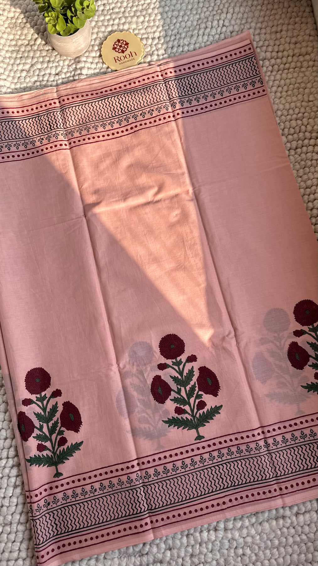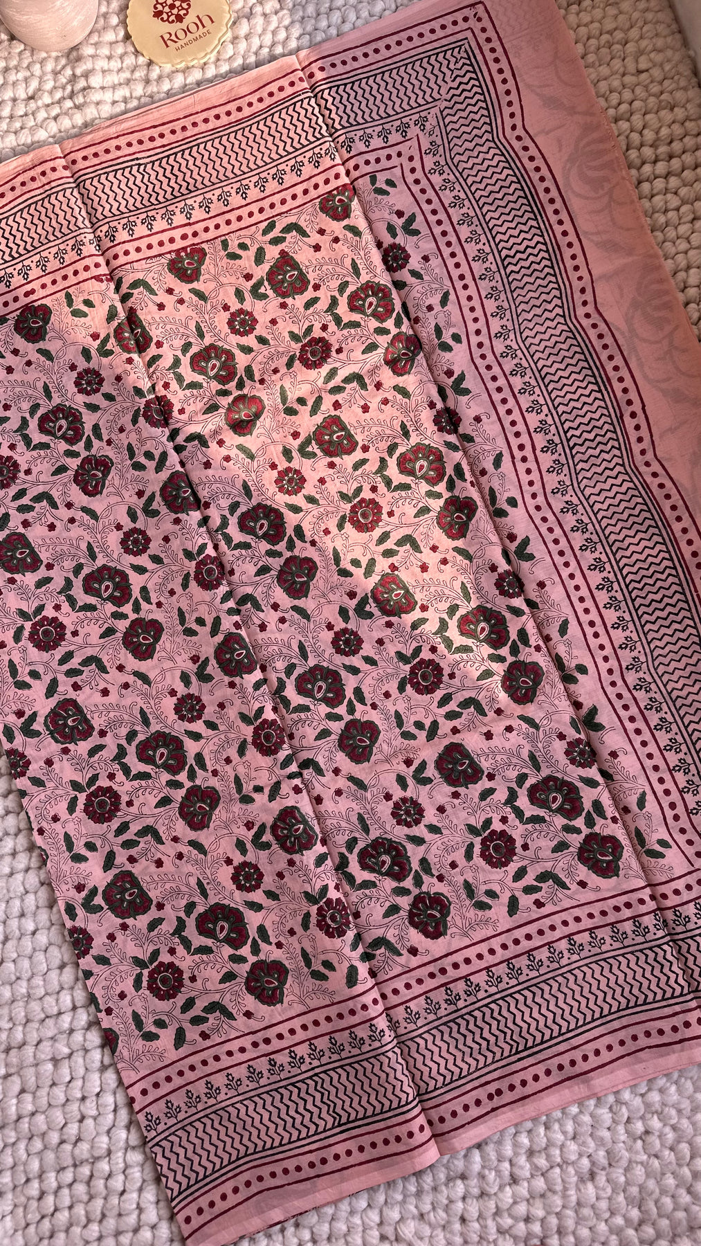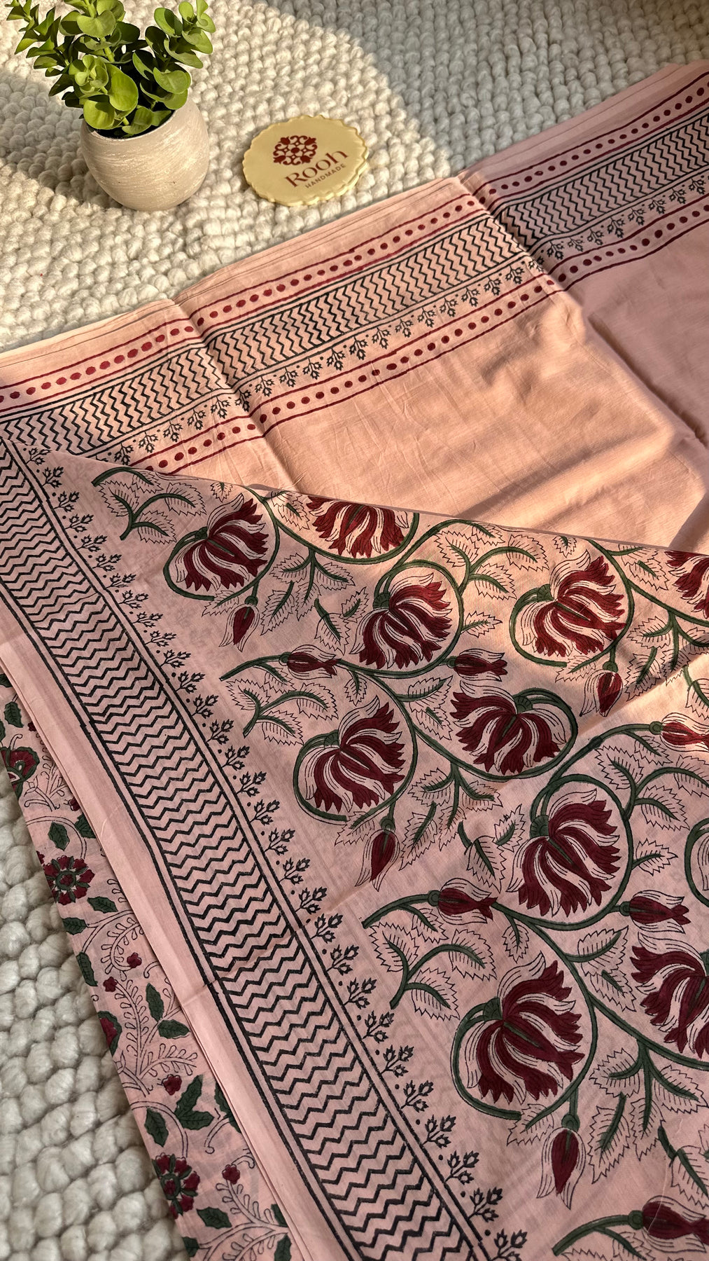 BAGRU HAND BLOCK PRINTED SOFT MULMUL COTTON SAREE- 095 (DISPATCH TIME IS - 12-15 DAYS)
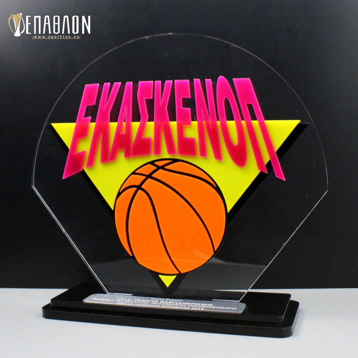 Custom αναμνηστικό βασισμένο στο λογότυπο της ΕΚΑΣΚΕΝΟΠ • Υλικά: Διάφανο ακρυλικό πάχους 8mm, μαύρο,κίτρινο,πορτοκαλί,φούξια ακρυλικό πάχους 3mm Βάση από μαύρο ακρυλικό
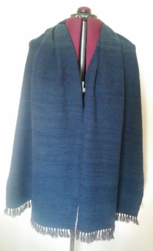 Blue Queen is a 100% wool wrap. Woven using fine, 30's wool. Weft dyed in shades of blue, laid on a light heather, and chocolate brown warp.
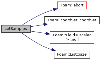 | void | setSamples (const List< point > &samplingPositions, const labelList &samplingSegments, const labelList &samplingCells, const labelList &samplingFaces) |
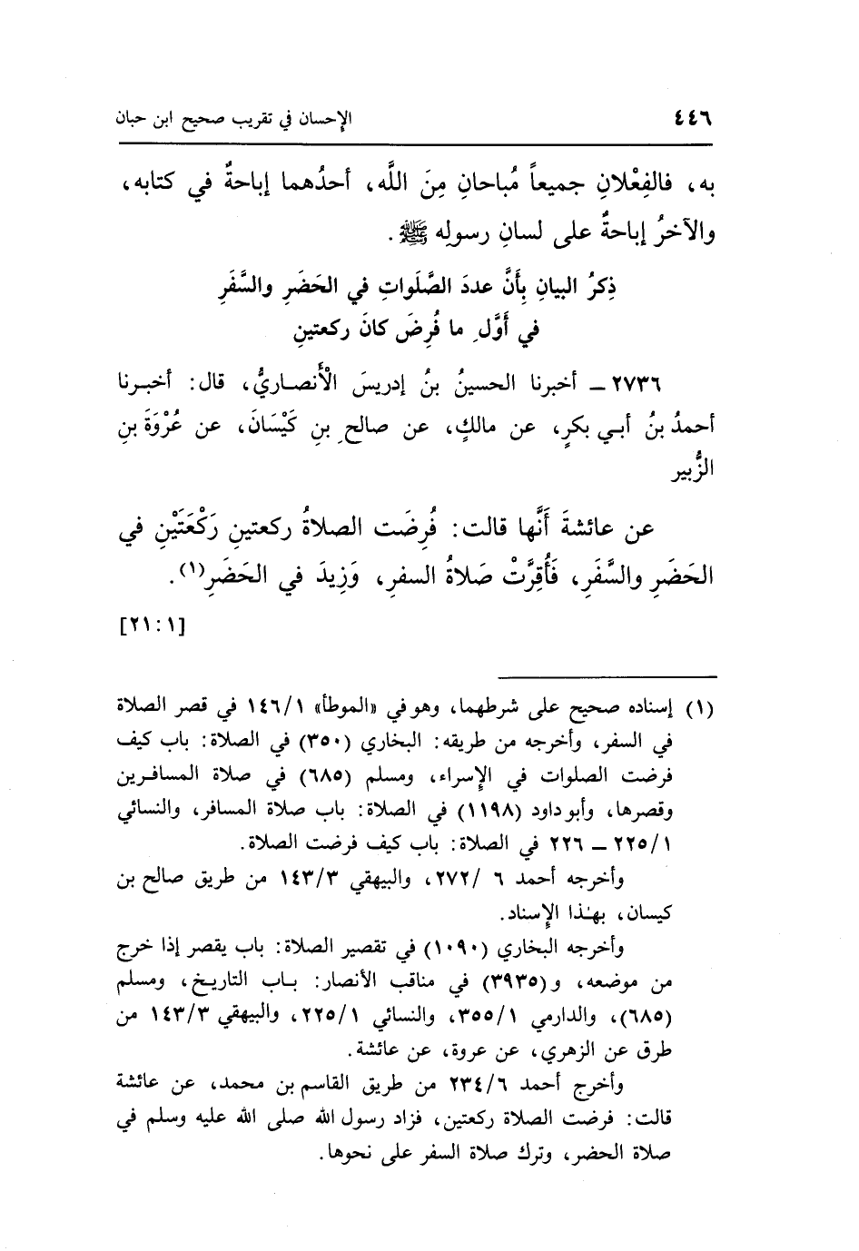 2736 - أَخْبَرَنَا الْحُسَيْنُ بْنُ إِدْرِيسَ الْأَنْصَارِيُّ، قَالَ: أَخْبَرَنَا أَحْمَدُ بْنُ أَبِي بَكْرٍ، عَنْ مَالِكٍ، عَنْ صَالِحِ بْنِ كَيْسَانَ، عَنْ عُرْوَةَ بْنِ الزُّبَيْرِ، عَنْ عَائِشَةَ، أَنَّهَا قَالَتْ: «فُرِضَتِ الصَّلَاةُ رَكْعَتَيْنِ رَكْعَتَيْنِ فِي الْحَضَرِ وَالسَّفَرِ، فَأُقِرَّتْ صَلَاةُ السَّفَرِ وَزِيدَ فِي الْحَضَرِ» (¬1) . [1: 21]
________
__TASK ITEM__. Write out the lines of the material above exactly, from its first line through the line that contains "labelList &samplingFaces) |", so that no picture appears in the copy.

__YOUR SOLUTION__.
 BAGRU HAND BLOCK PRINTED SOFT MULMUL COTTON SAREE- 095 (DISPATCH TIME IS - 12-15 DAYS)
 Custom αναμνηστικό βασισμένο στο λογότυπο της ΕΚΑΣΚΕΝΟΠ • Υλικά: Διάφανο ακρυλικό πάχους 8mm, μαύρο,κίτρινο,πορτοκαλί,φούξια ακρυλικό πάχους 3mm Βάση από μαύρο ακρυλικό
 Blue Queen is a 100% wool wrap. Woven using fine, 30's wool. Weft dyed in shades of blue, laid on a light heather, and chocolate brown warp.
 | void | setSamples (const List< point > &samplingPositions, const labelList &samplingSegments, const labelList &samplingCells, const labelList &samplingFaces) |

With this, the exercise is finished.